Raymond Pinto, Shrine, 2020. Video still, digital video, color, sound, 4:07 min.
[A close-cropped widescreen digital video image of the neck and shoulders of person seen from behind, slightly blurring and repeating against a black background.]
Untitled (Unintelligible ██████ ██████)
Organized by Serubiri Moses
Performed by Raymond Pinto
Friday, December 18, 2020, 7pm EST
Live on Participant After Dark
This performance will include open captioning
Video & Lighting Director: Glen Fogel
Production Manager & Camera: Jordan Strafer
Audio & Video Engineer: Lazar Bozic
Untitled (Unintelligible ██████ ██████) combines research and performance—specifically drawing from archives and movement study—to enact processes of memory and commemoration around Black and sexually dissident experiences, past and present. The project takes two major figures, Assotto Saint (born Les Cayes, Haiti, 1957—died, New York, US, 1994) and Rotimi Fani-Kayode (born Nigeria 1955—died London, UK, 1989) as a starting point, and seeks to present an alternative art, literature, and performance history. The project is organized by Serubiri Moses and performed by Raymond Pinto, and includes research by both.
Assotto Saint and Rotimi Fani-Kayode were friends. They met in New York in the early 1980s. They exchanged letters, which have been archived at the Schomburg Center for Research in Black Culture. We know that Fani-Kayode photographed Saint, and that Saint went to London to perform an experimental theater work. Their friendship conjures meanings of solidarity across the Atlantic. The emphasis on Haitian Vodou, and Ifa Divination in each of their practices alerts us to their quotidian practice and wish for survival.

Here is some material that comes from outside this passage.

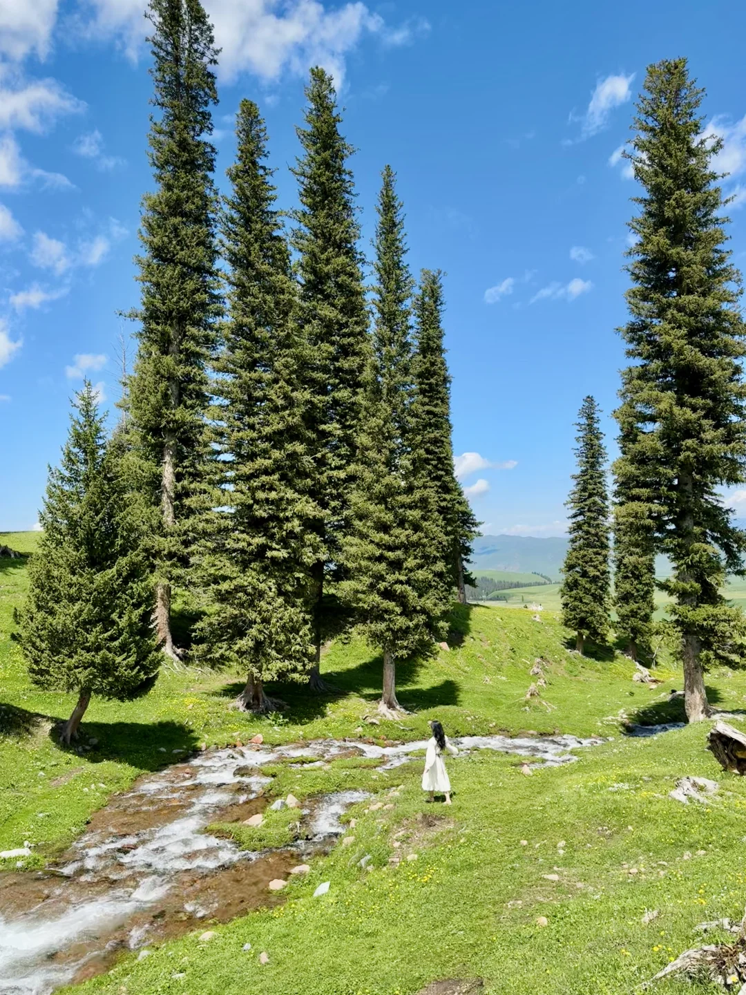 🌲从进去那拉提的路上就一直在惊叹,怎么能这么美!这个季节的那拉提,雪山还有非常多积雪,草原已经绿意盎然,潺潺的小溪河流,在这里可以领略到所谓五彩斑斓的绿。

Research for this project, which started in 2019, primarily took place in New York, through the archives at the Schomburg Center, and through various libraries in the city such as the Library for the Performing Arts. It also included consultation with primary texts such as Saint's collection of poems Stations (1989) and Fani-Kayode's book of photographs Black Male/White Male (1988). The movement study was based on consultations with primary sources such as Dances of Haiti by Katherine Dunham, among others. Research on diasporic religion and sexuality included: Roberto Strongman's Queering Black Atlantic Religions (2019).
Specific figures of the 1980s gay and lesbian movement in New York have been elided by various historiographies of the time period. This alerts us to the necessity of commemoration in the present. However, a major question that is asked by South African art historian Ashraf Jamal is, "But, how to commemorate?" Avoiding a general commemoration of the ‘80s gay and lesbian movement with its official histories, the project pursues an artistic reflection rooted in contemporary art practices, establishing a space for memory. It aims at highlighting Saint and Fani-Kayode’s distinct approaches to notions of Black diasporic spirituality as well as African spirituality in relation to sexual dissidence. It also aims at enacting the illegible and the non-linear.
Untitled (Unintelligible ██████ ██████) follows the online event, Shrine: DJ Set, Poetry Reading, and Public Discussion held in July 2020, which brought together curators and artists to celebrate Saint and Fani-Kayode. The speakers included: Raymond Pinto, Pamela Sneed, Jaime Shearn Coan, and Kojo Abudu, and the event was moderated by Serubiri Moses.
PARTICIPANT AFTER DARK is a virtual performance, screening, and event space launched by PARTICIPANT INC in October 2020. The site hosts artist projects commissioned specifically for the AFTER DARK web platform and remote viewing. PARTICIPANT invited artist Glen Fogel to design and develop AFTER DARK. Artists will work with Fogel through the Fall/Spring 2020-21 season, inhabiting the site and fully modifying it for their projects' specific needs. AFTER DARK is conceived of as a blank slate, removing as much institutional framework as possible. The site will only present current projects, and will often go ’dark’ in between events.